[Dataset entries]
- - -
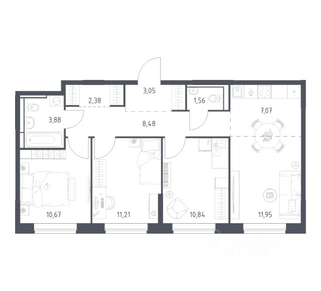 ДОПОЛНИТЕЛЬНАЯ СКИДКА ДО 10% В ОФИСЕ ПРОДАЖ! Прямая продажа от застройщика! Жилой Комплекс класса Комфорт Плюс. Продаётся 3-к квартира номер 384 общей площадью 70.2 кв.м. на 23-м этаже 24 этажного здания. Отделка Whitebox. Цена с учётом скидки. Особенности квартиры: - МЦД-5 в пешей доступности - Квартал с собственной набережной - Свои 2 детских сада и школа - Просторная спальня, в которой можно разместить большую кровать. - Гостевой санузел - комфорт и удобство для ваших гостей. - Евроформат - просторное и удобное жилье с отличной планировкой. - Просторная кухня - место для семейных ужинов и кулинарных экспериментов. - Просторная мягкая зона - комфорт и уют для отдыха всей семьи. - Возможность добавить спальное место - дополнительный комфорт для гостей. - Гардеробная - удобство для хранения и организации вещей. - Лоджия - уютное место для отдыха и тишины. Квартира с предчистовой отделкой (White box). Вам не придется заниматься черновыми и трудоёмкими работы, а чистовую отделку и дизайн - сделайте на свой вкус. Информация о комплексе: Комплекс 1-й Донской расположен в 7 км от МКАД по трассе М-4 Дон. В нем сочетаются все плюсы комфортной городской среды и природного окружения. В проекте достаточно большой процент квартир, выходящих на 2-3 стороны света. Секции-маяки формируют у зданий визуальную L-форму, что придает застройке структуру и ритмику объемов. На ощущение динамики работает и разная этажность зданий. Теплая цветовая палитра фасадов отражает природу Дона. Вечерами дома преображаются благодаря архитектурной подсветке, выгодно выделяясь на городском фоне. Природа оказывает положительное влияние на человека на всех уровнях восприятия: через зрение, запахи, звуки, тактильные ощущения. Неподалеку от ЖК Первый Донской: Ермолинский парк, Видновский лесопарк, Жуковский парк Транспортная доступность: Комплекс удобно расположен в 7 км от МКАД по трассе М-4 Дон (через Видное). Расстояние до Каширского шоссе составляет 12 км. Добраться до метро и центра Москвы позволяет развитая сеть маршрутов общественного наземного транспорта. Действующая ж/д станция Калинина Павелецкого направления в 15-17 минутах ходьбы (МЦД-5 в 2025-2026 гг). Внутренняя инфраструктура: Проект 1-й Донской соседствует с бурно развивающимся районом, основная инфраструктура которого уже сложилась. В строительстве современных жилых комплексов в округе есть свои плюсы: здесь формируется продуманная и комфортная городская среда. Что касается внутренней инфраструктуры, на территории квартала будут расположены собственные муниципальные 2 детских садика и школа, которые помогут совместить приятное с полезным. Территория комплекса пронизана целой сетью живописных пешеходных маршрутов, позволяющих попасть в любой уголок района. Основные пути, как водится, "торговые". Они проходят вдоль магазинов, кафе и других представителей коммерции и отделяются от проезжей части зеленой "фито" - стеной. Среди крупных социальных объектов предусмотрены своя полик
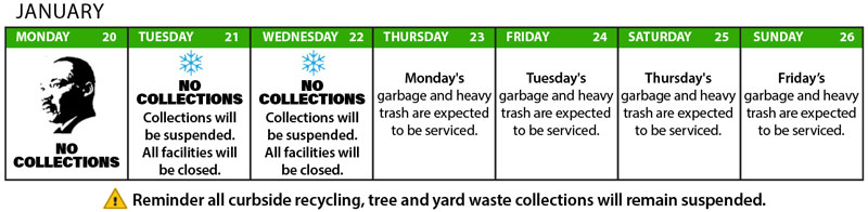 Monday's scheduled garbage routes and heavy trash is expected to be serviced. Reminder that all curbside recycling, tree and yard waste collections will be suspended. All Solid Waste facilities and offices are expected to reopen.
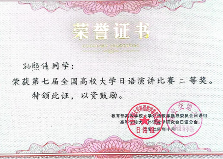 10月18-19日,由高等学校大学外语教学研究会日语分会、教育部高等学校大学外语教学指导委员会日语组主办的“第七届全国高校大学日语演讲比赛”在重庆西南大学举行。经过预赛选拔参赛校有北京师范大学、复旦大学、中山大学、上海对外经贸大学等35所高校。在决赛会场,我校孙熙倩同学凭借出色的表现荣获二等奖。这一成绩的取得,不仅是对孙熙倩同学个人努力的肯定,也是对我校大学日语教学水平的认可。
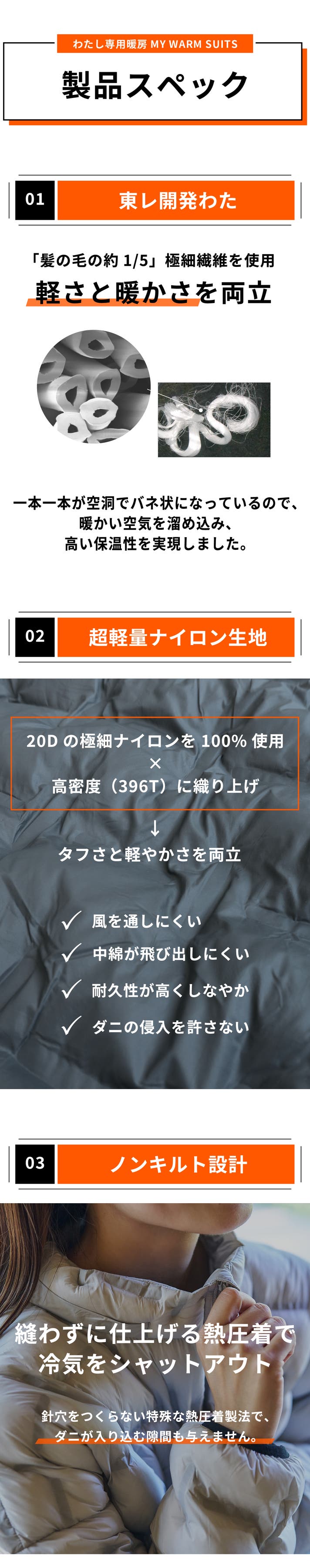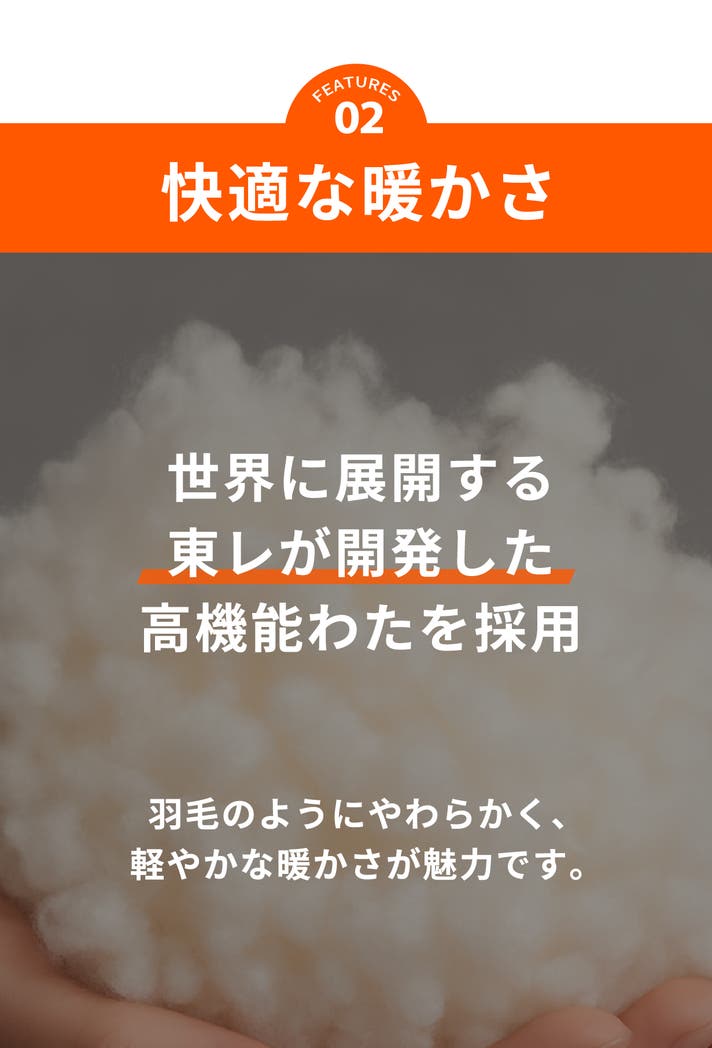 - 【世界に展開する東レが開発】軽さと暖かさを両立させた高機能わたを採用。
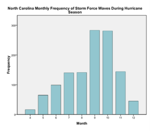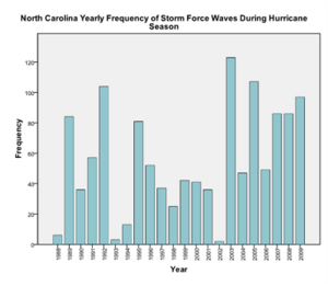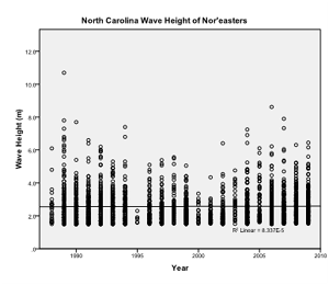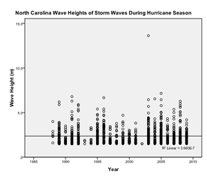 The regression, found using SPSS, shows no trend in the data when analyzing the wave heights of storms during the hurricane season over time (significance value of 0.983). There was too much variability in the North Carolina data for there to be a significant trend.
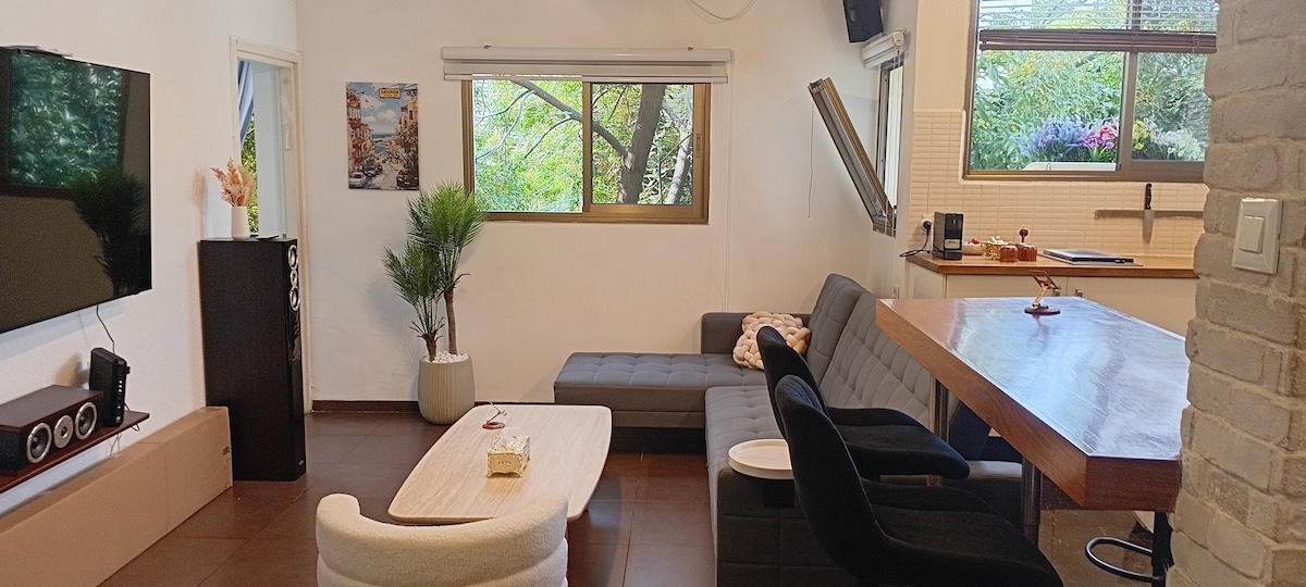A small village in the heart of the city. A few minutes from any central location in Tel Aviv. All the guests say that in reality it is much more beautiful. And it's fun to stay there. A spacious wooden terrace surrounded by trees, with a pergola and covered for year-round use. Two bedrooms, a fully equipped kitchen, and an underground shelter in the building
- - -
TASK ITEM: Please set the data above down exactly, with the pictures removed.

FINISHED EXERCISE:
 ДОПОЛНИТЕЛЬНАЯ СКИДКА ДО 10% В ОФИСЕ ПРОДАЖ! Прямая продажа от застройщика! Жилой Комплекс класса Комфорт Плюс. Продаётся 3-к квартира номер 384 общей площадью 70.2 кв.м. на 23-м этаже 24 этажного здания. Отделка Whitebox. Цена с учётом скидки. Особенности квартиры: - МЦД-5 в пешей доступности - Квартал с собственной набережной - Свои 2 детских сада и школа - Просторная спальня, в которой можно разместить большую кровать. - Гостевой санузел - комфорт и удобство для ваших гостей. - Евроформат - просторное и удобное жилье с отличной планировкой. - Просторная кухня - место для семейных ужинов и кулинарных экспериментов. - Просторная мягкая зона - комфорт и уют для отдыха всей семьи. - Возможность добавить спальное место - дополнительный комфорт для гостей. - Гардеробная - удобство для хранения и организации вещей. - Лоджия - уютное место для отдыха и тишины. Квартира с предчистовой отделкой (White box). Вам не придется заниматься черновыми и трудоёмкими работы, а чистовую отделку и дизайн - сделайте на свой вкус. Информация о комплексе: Комплекс 1-й Донской расположен в 7 км от МКАД по трассе М-4 Дон. В нем сочетаются все плюсы комфортной городской среды и природного окружения. В проекте достаточно большой процент квартир, выходящих на 2-3 стороны света. Секции-маяки формируют у зданий визуальную L-форму, что придает застройке структуру и ритмику объемов. На ощущение динамики работает и разная этажность зданий. Теплая цветовая палитра фасадов отражает природу Дона. Вечерами дома преображаются благодаря архитектурной подсветке, выгодно выделяясь на городском фоне. Природа оказывает положительное влияние на человека на всех уровнях восприятия: через зрение, запахи, звуки, тактильные ощущения. Неподалеку от ЖК Первый Донской: Ермолинский парк, Видновский лесопарк, Жуковский парк Транспортная доступность: Комплекс удобно расположен в 7 км от МКАД по трассе М-4 Дон (через Видное). Расстояние до Каширского шоссе составляет 12 км. Добраться до метро и центра Москвы позволяет развитая сеть маршрутов общественного наземного транспорта. Действующая ж/д станция Калинина Павелецкого направления в 15-17 минутах ходьбы (МЦД-5 в 2025-2026 гг). Внутренняя инфраструктура: Проект 1-й Донской соседствует с бурно развивающимся районом, основная инфраструктура которого уже сложилась. В строительстве современных жилых комплексов в округе есть свои плюсы: здесь формируется продуманная и комфортная городская среда. Что касается внутренней инфраструктуры, на территории квартала будут расположены собственные муниципальные 2 детских садика и школа, которые помогут совместить приятное с полезным. Территория комплекса пронизана целой сетью живописных пешеходных маршрутов, позволяющих попасть в любой уголок района. Основные пути, как водится, "торговые". Они проходят вдоль магазинов, кафе и других представителей коммерции и отделяются от проезжей части зеленой "фито" - стеной. Среди крупных социальных объектов предусмотрены своя полик
 Monday's scheduled garbage routes and heavy trash is expected to be serviced. Reminder that all curbside recycling, tree and yard waste collections will be suspended. All Solid Waste facilities and offices are expected to reopen.
 10月18-19日,由高等学校大学外语教学研究会日语分会、教育部高等学校大学外语教学指导委员会日语组主办的“第七届全国高校大学日语演讲比赛”在重庆西南大学举行。经过预赛选拔参赛校有北京师范大学、复旦大学、中山大学、上海对外经贸大学等35所高校。在决赛会场,我校孙熙倩同学凭借出色的表现荣获二等奖。这一成绩的取得,不仅是对孙熙倩同学个人努力的肯定,也是对我校大学日语教学水平的认可。
 - 【世界に展開する東レが開発】軽さと暖かさを両立させた高機能わたを採用。
 The regression, found using SPSS, shows no trend in the data when analyzing the wave heights of storms during the hurricane season over time (significance value of 0.983). There was too much variability in the North Carolina data for there to be a significant trend.
A small village in the heart of the city. A few minutes from any central location in Tel Aviv. All the guests say that in reality it is much more beautiful. And it's fun to stay there. A spacious wooden terrace surrounded by trees, with a pergola and covered for year-round use. Two bedrooms, a fully equipped kitchen, and an underground shelter in the building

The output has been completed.